My hand shoots up before I can overthink as the smile split across his face
"Ah, yes, the lady in the back with the suspicious timing and the propensity for challenging my expertise," he teases, eyes flaring with excitement and recognition, playing along as he weaves through the crowd toward me.
"Not a question," I say, my voice remaining steadier than my heartbeat. "A correction, actually."
"It seems you think you know something I don't..." He's close enough now that I can see the flecks of gold in his eyes, the way his mouth twitches like he's fighting back a bigger smile, waiting for the moment to let it free.
"That's probably true in most cases," I admit, earning scattered laughter from our impromptu audience. "But I’m actually here to say, that just this once, you're right."
"And what might that be?"
"That I love you." The words come out stronger than I expect, and I feel stronger for saying them.
"Ms. Bancroft," Will says, his voice taking on that professional tour guide tone he uses when he's about to say something decidedly unprofessional, "are you interrupting my carefully planned tour to tell me you love me?"
“Well, you interrupted my carefully planned life to love me, seems only fair.

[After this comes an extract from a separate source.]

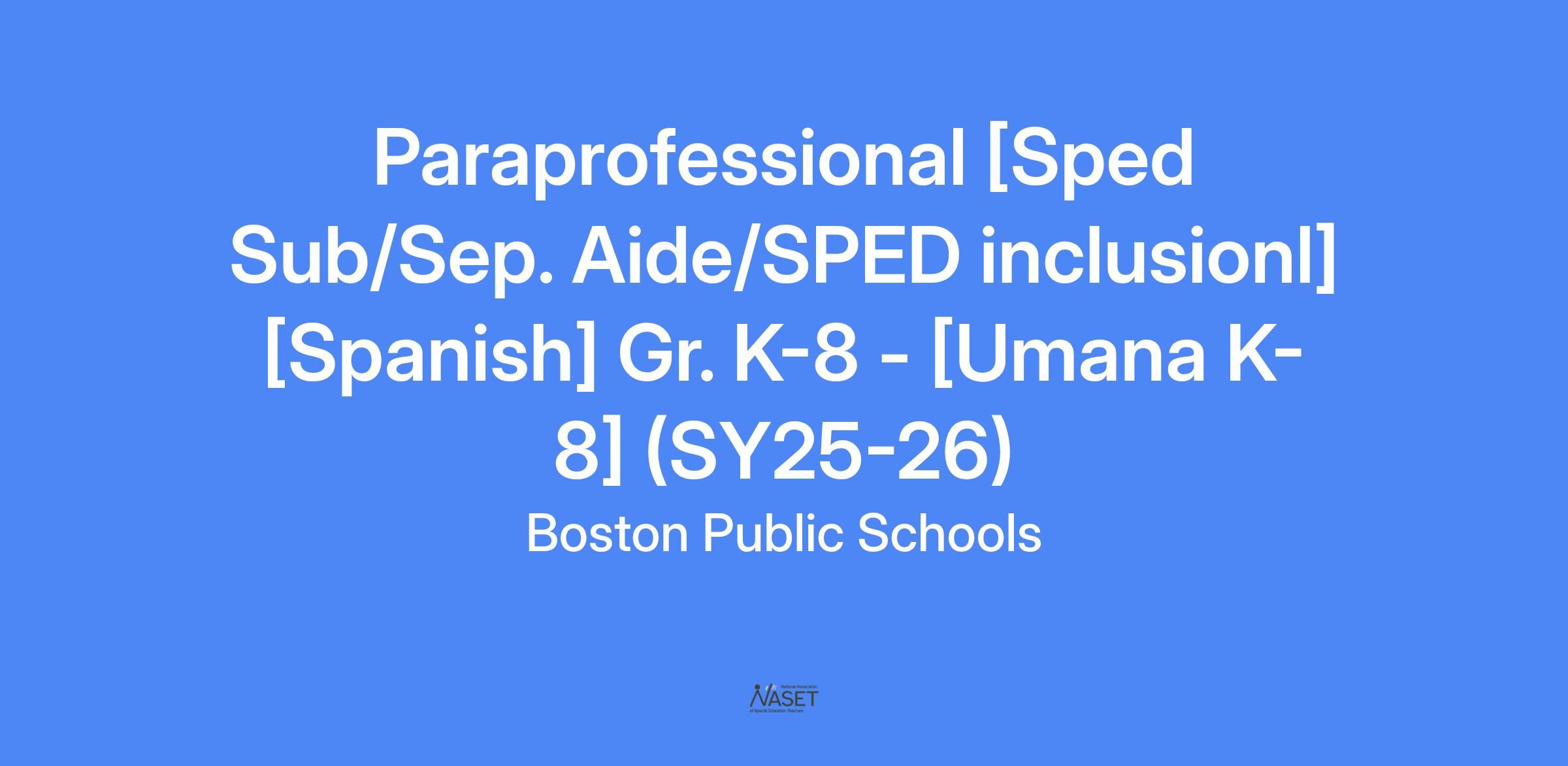 Paraprofessional [Sped Sub/Sep. Aide/SPED inclusionl][Spanish] Gr. K-8 - [Umana K-8] (SY25-26)

And I'm interrupting your ‘carefully planned tour’ to tell you that Cubism began in 1907, not 1908 like you said." I take a step closer. "But yes, I love you."
"First of all, I said 1907-1908, which is historically accurate," he counters, closing the distance between us. "And second..."
His hands find my waist like they belong there, which they do , and he kisses me as the crowd around us breaks into applause. Because apparently we're that kind of story now, and I can feel his smile against my lips.
"Say it again” his voice is rough with emotion, not quiet, not hushed or bothered who might hear.
“You’re right,” I say as his eyes hold mine.
“Not that…”
“I love you," I speak into his kiss, just for him this time.
"There it is," he says softly, resting his forehead against mine, "the only time I'll ever need to be right."
"Don't get used to it," I warn him, but we both know it's too late. I'm already used to this, to him, to us.